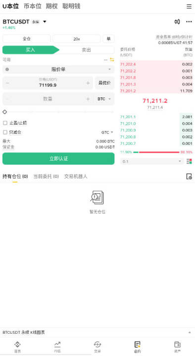 支持600+币种实时买卖,提供限价单、市价单、止损单等多种模式,并集成实时行情、深度图、资讯公告等辅助工具。
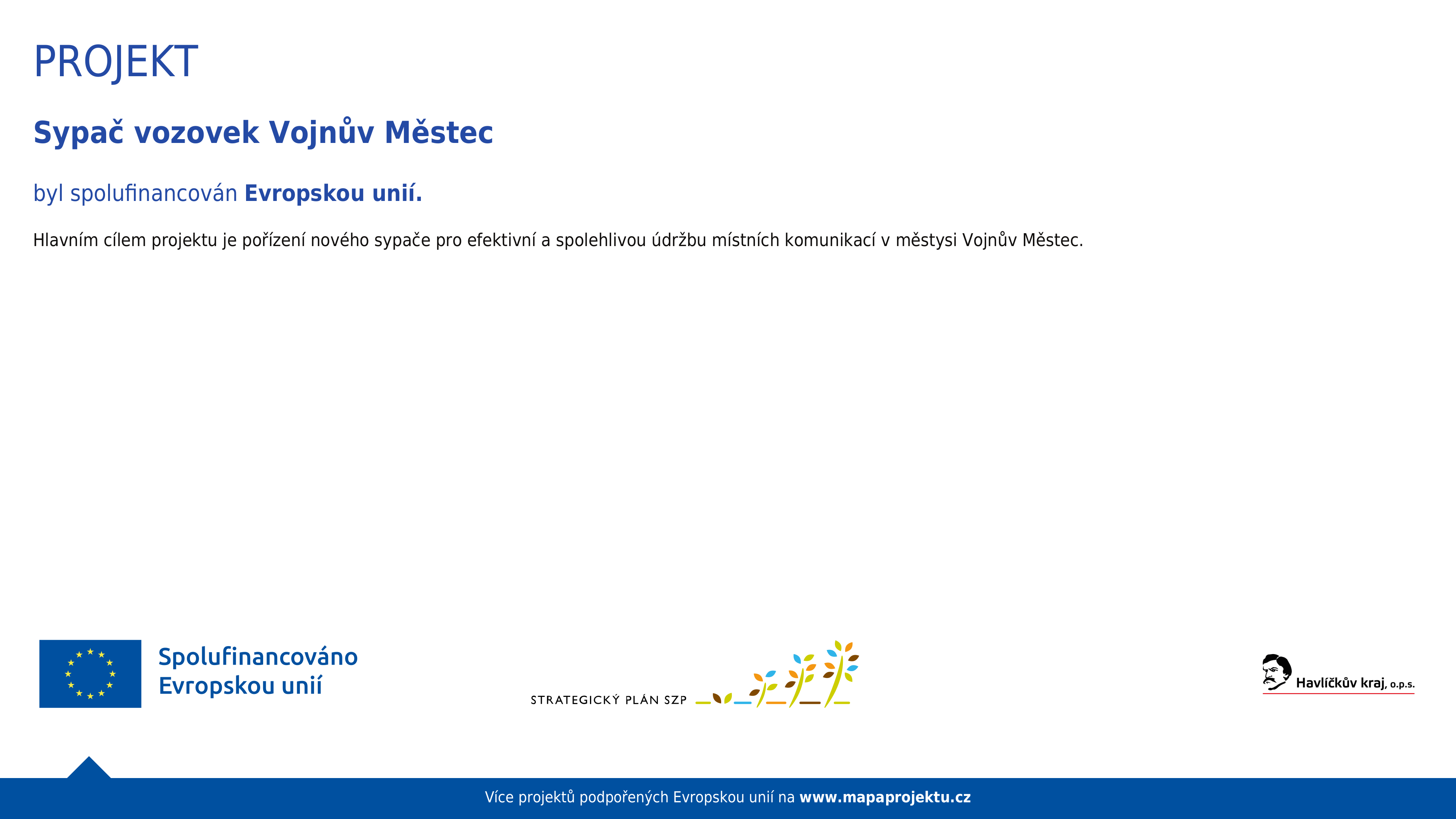 Sypač vozovek Vojnův Městec Vystaveno: 23.7.2025 Vystavil: Tomáš Mocek Smlouvy a dohody Přílohy propagace_MASHk_Vojnův Městec_tisk_web.pdf PDF, 94.50 KB Stáhnout publicita_Vojnův Městec_web.png Obrázek, 168.87 KB Stáhnout Podrobnosti Datum vystavení: 23.7.2025
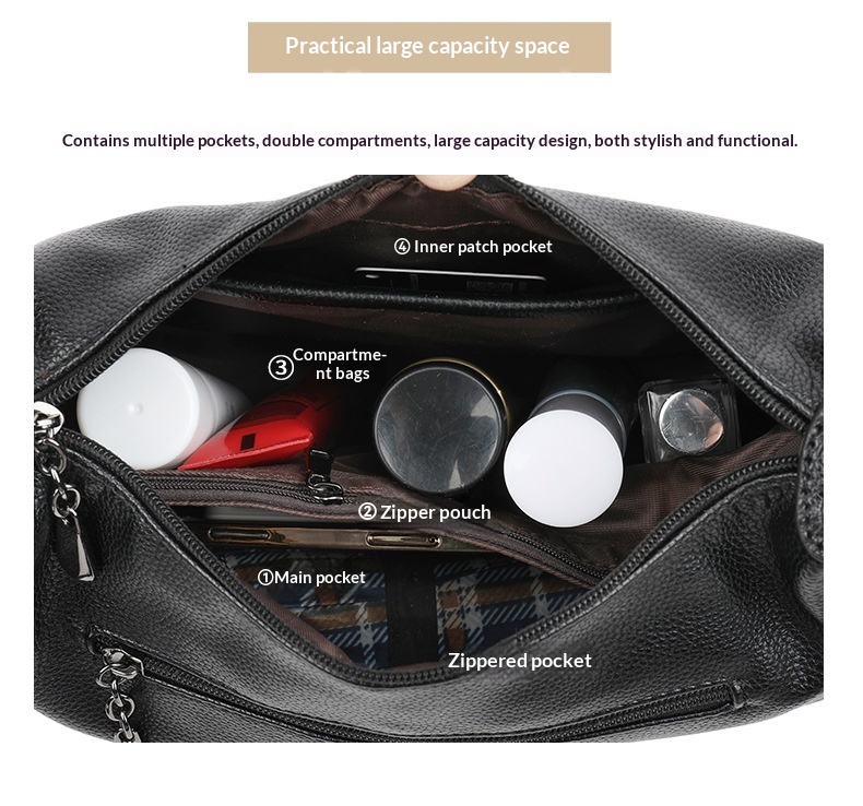 Internal structure: Zippered hidden pocket, phone pocket, ID/card pocket, zippered compartment
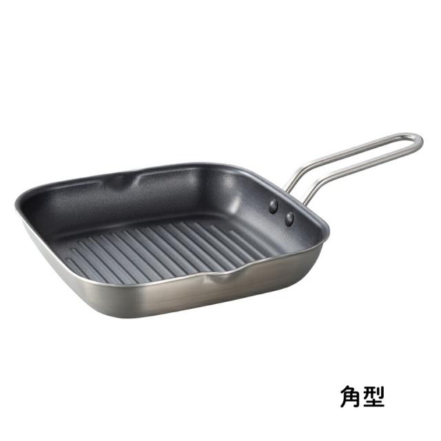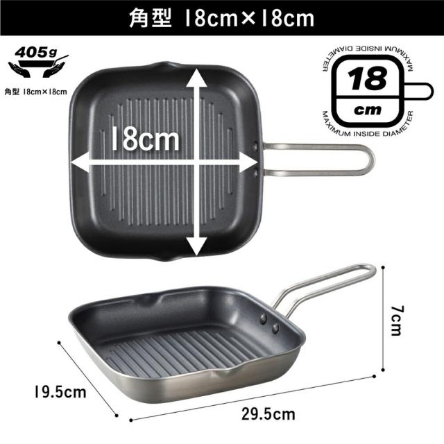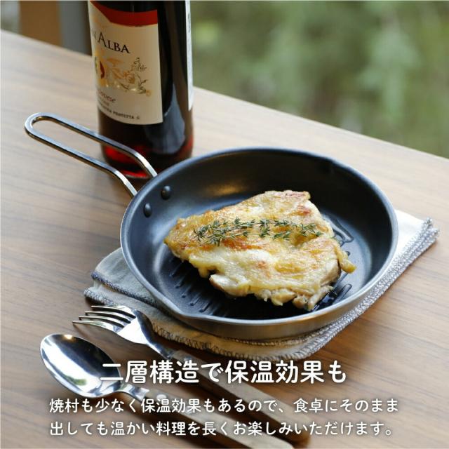 シービージャパン 二層鋼グリルパン 角型 18cm×18cm 丸型 19cm グリルパン フライパン IH対応 ガス火 アウトドア オーブン トースター コンロ ステーキ 直火 キャンプ BBQ
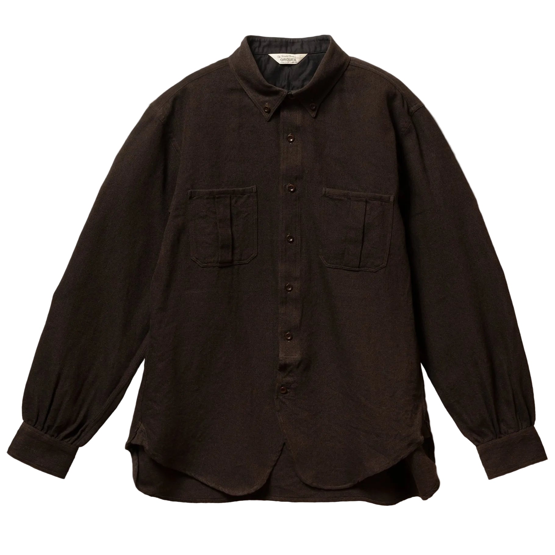 The Orgueil OR-5121 Work Shirt in Brown draws inspiration from vintage pullover shirts, blending classic design with modern functionality. Its front-opening style makes it easy to wear while maintaining a timeless silhouette. Fine gathers at the sleeve cuffs and back yoke add subtle detailing and a refined look.
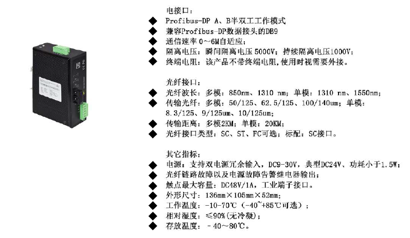 *支持Profibus-DP工業(yè)控制現(xiàn)場(chǎng)總線(xiàn)協(xié)議。通信速率(~6M自適應(yīng)。光纖最遠(yuǎn)通信距離可達(dá)60KM。
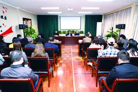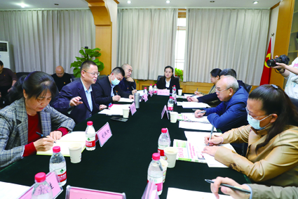 在调研座谈会上,李志民社长(左前二)向李明清处长(右前二)一行介绍本报社媒体转型工作。
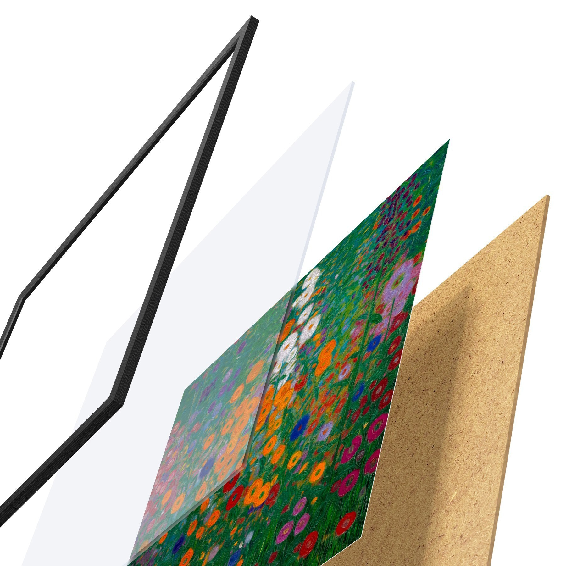 Постер складається з рами, оргскла, надрукованого зображення та підкладки з ДСП. Завдяки кріпленням на звороті плакат можна одразу ж повісити на стіну.
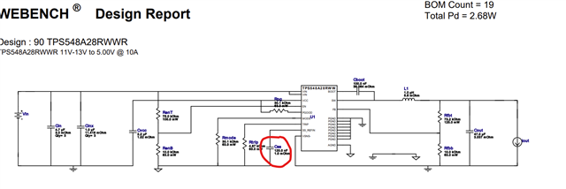 We plan to use the TPS548A28RWWR regulator in our new design and did a simulation for the same using TI webench.
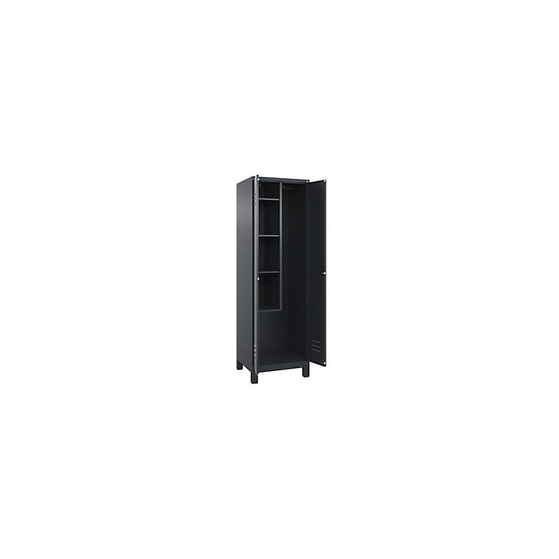 Armadietto per materiale di pulizia Classic PLUS, 1 scomparto, tramezza centrale, corta, grigio, largh. 600 mm, con piedini, serratura a cilindro. Fornitura = montato. Versione = parete divisoria centrale, accorciata. Altezza = 1950 mm. Profondità = 500 mm. Larghezza = 600 mm. Colore corpo = grigio antracite RAL 7016. Colore porta = grigio antracite RAL 7016. Serratura = serratura a cilindro. Numero scomparti in larghezza = 1 pz. Larghezza scomparti = 300 mm. Materiale = acciaio. Dotazione interna = 1 asta appendiabiti con 3 ganci, 4 ripiani. Altezza interna = 1787 mm. Profondità interna = 477 mm. Tipo di porta = anta a battente. Numero chiavi = 2 pz. Altezza zoccolo = 100 mm. Superficie = verniciatura. Ampio spazio sul fondo per riporre comodamente ad es. secchi per le pulizie. Frontali con fessure di areazione per una ventilazione ancora più efficace. Profili laterali delle ante chiusi per un'elevata resistenza alla torsione. Ante a battente con serratura unica. Corpo con aperture di
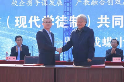 会上,校企双方签署了合作协议书;也进行了人才培养基地,实习就业基地以及吉利学徒班授牌仪式,还授予了现代学徒制班大旗,意味着校企携手谋发展,产教融合创双赢。
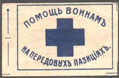 1915(?) г. Разм. рамки 33 х 22 мм. Одноцветная печать на белой бумаге. В центре в прямоугольной рамке синий крест. Сверху и снизу полукругом текст: «Помощь воинам на передовых позициях». Слева стилизованное изображение булавки для креп-ления знака к одежде.
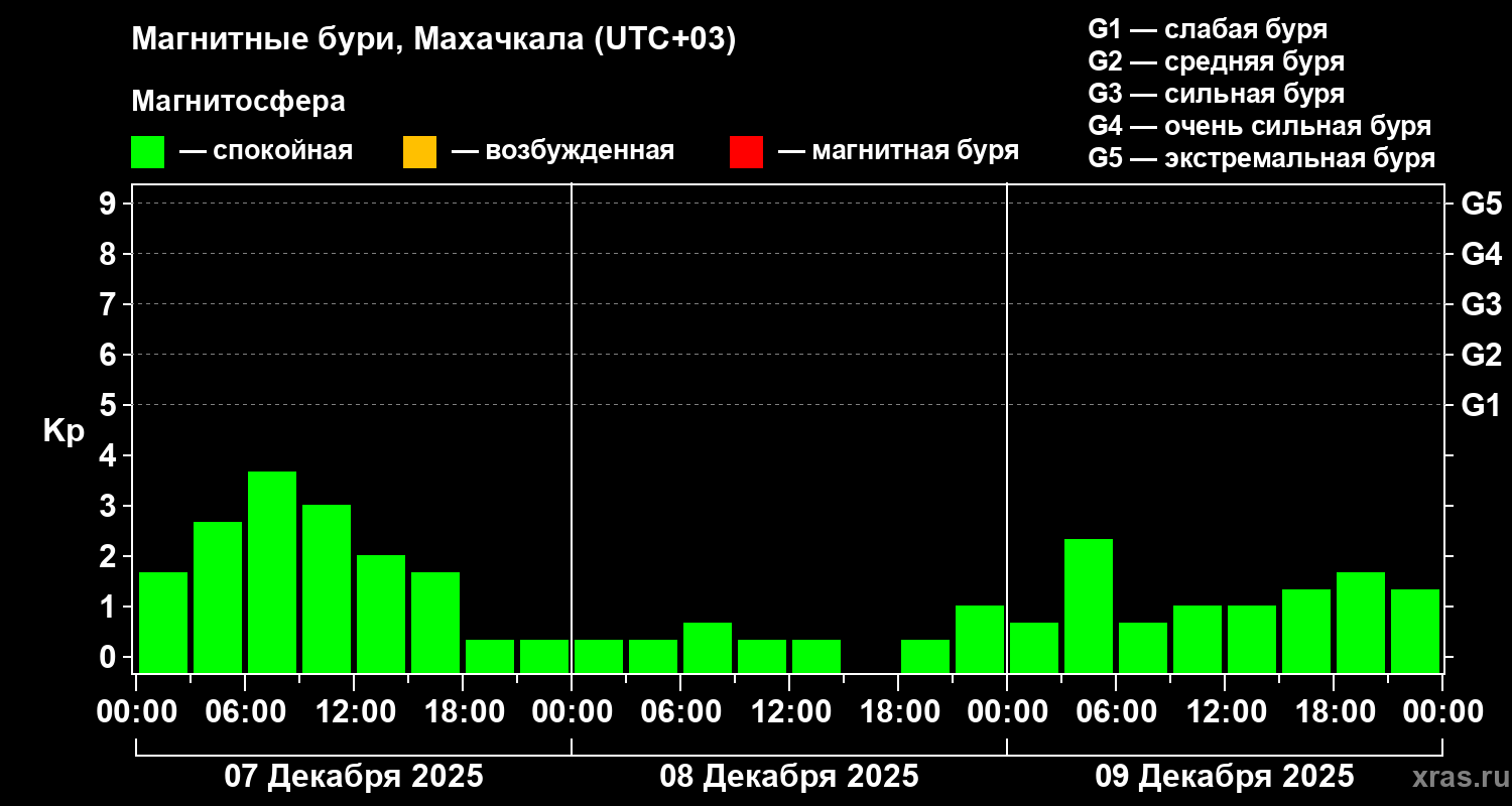 Магнитные бури в Махачкале 9 декабря 2025 года
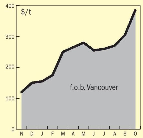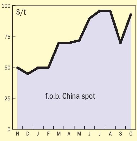 In October, the northwestern European f.o.b. level edged higher but still remained $37/t down from the peak seen in mid-June at $135/t f.o.b. Availability in the region has started to tighten up despite muted Moroccan demand, with December shipments now reported at $90-95/t f.o.b. Fresh spot interest is now centred on December and January loadings. For secondhalf December into early January, indications have been pegged as high as $100/t f.o.b., with near-term CFc.frR ideas around $105/t. Reported December loadings were $90–100/t f.o.b. Near-term sentiment is bullish, with tight spot supply supporting further gains.
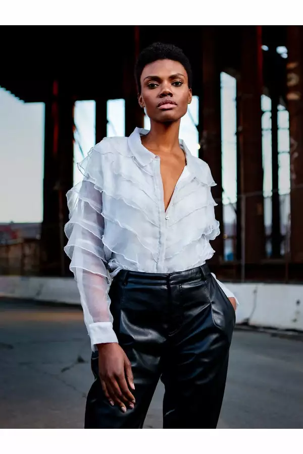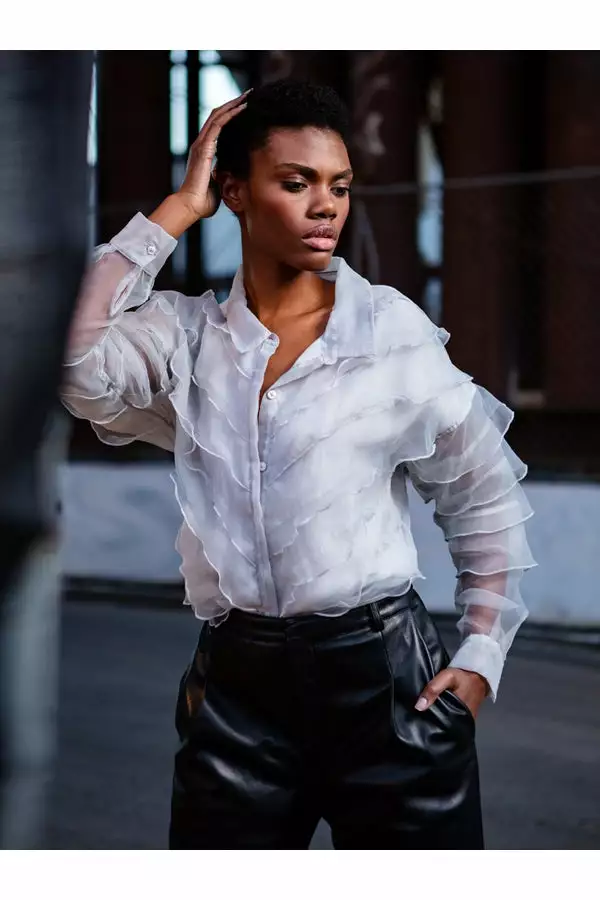 Embody romantic charm with our Nico Blouse. Made from beautiful translucent organza, Nico features tiers of ruffles along the bodice and sleeves – resulting in a sheer, sensual piece. Features an opaque lining and a button-up front for easy styling.
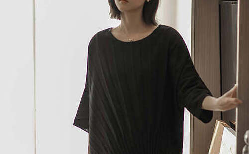 ゆったりとしたシルエットながら、プリーツが体のラインをさりげなくカバーしてくれるから、
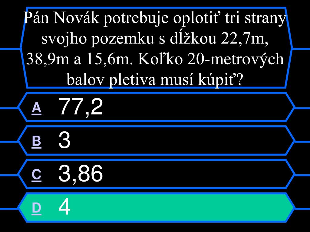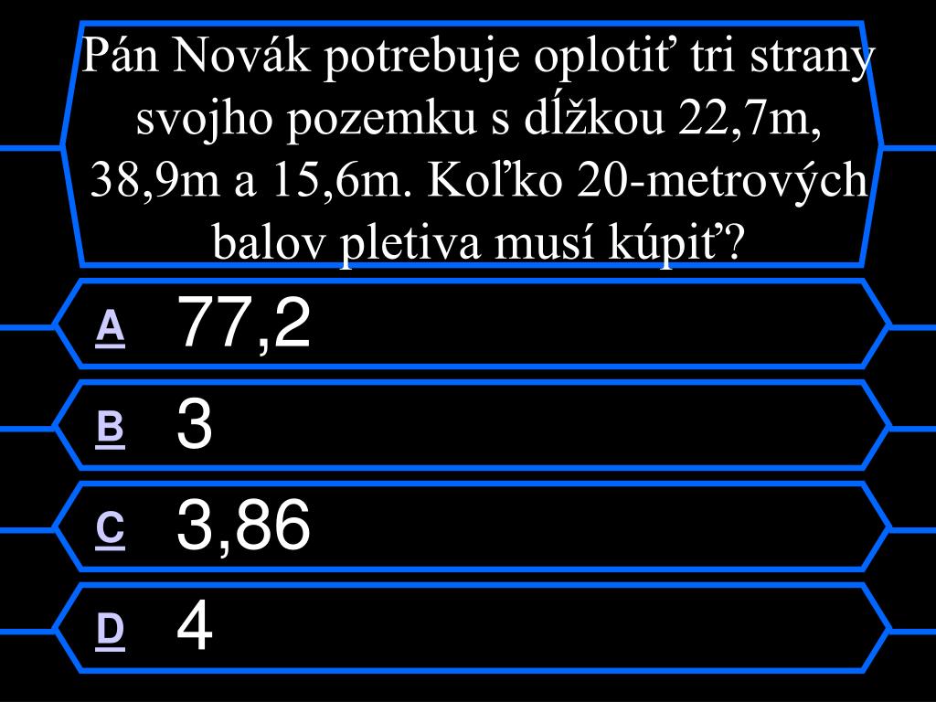 Pán Novák potrebuje oplotiť tri strany svojho pozemku s dĺžkou 22,7m, 38,9m a 15,6m. Koľko 20-metrových balov pletiva musí kúpiť? A77,2 B3 C3,86 D4
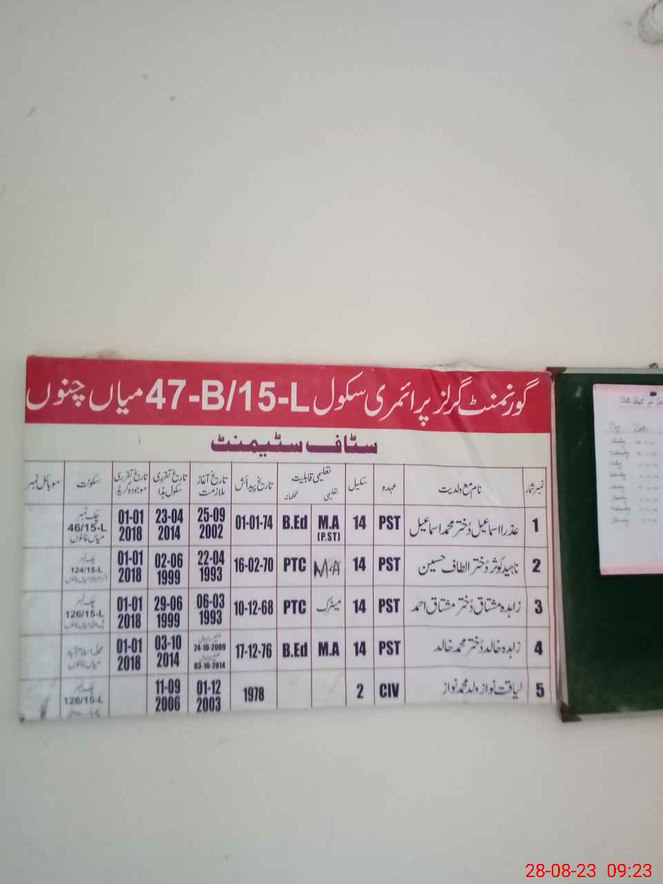| EMIS Code: 36430339 | Name of School: GGPS 47-B/15-L, MIAN CHANNU | |||
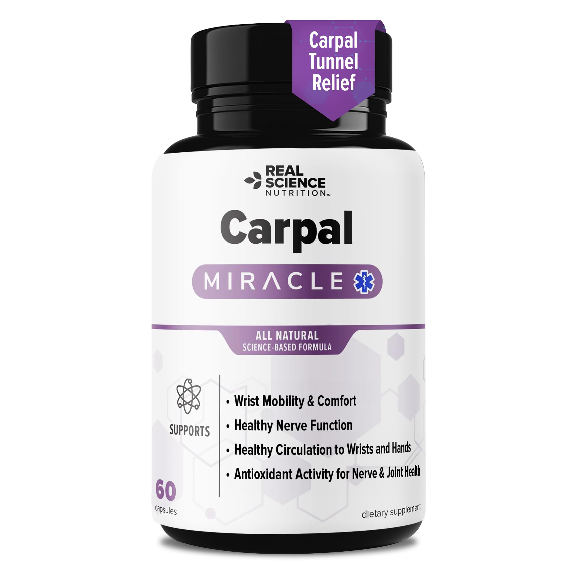 Real Science Carpal Miracle All Natural Carpal Tunnel Relief & Wrist Support Supplement with Vitamins B6 B12 C D K + GABA Hand & Nerve Comfort Made in USA 60 Caps
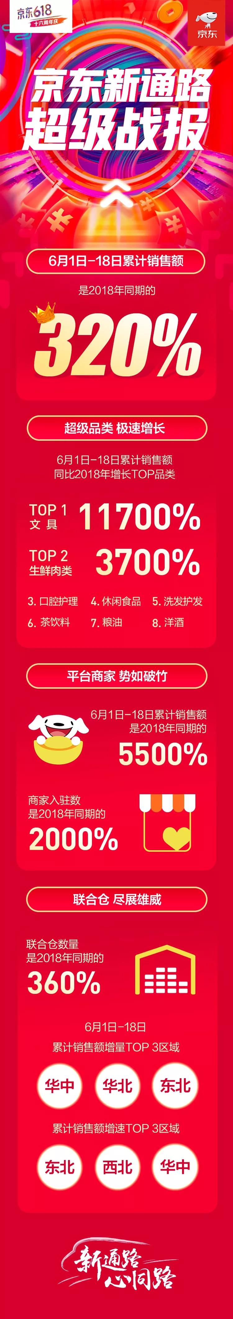 戰(zhàn)報顯示,6月1日至18日,京東新通路累計銷售額達到去年同期的320%。這意味著,京東新通路連續(xù)第四年保持高增長態(tài)勢,并為品牌、品類的極速增長不斷蓄積能量。

______________________________

HOW TO COMPLETE THIS TASK — The output is the stretch above from the line with "シービージャパン 二層鋼グリルパン 角型" through the line with "在调研座谈会上,李志民社长(左前二)向李", copied word for word with both ends kept and every picture dropped.

EXPECTED ANSWER —
 シービージャパン 二層鋼グリルパン 角型 18cm×18cm 丸型 19cm グリルパン フライパン IH対応 ガス火 アウトドア オーブン トースター コンロ ステーキ 直火 キャンプ BBQ
 The Orgueil OR-5121 Work Shirt in Brown draws inspiration from vintage pullover shirts, blending classic design with modern functionality. Its front-opening style makes it easy to wear while maintaining a timeless silhouette. Fine gathers at the sleeve cuffs and back yoke add subtle detailing and a refined look.
 *支持Profibus-DP工業(yè)控制現(xiàn)場(chǎng)總線(xiàn)協(xié)議。通信速率(~6M自適應(yīng)。光纖最遠(yuǎn)通信距離可達(dá)60KM。
 在调研座谈会上,李志民社长(左前二)向李明清处长(右前二)一行介绍本报社媒体转型工作。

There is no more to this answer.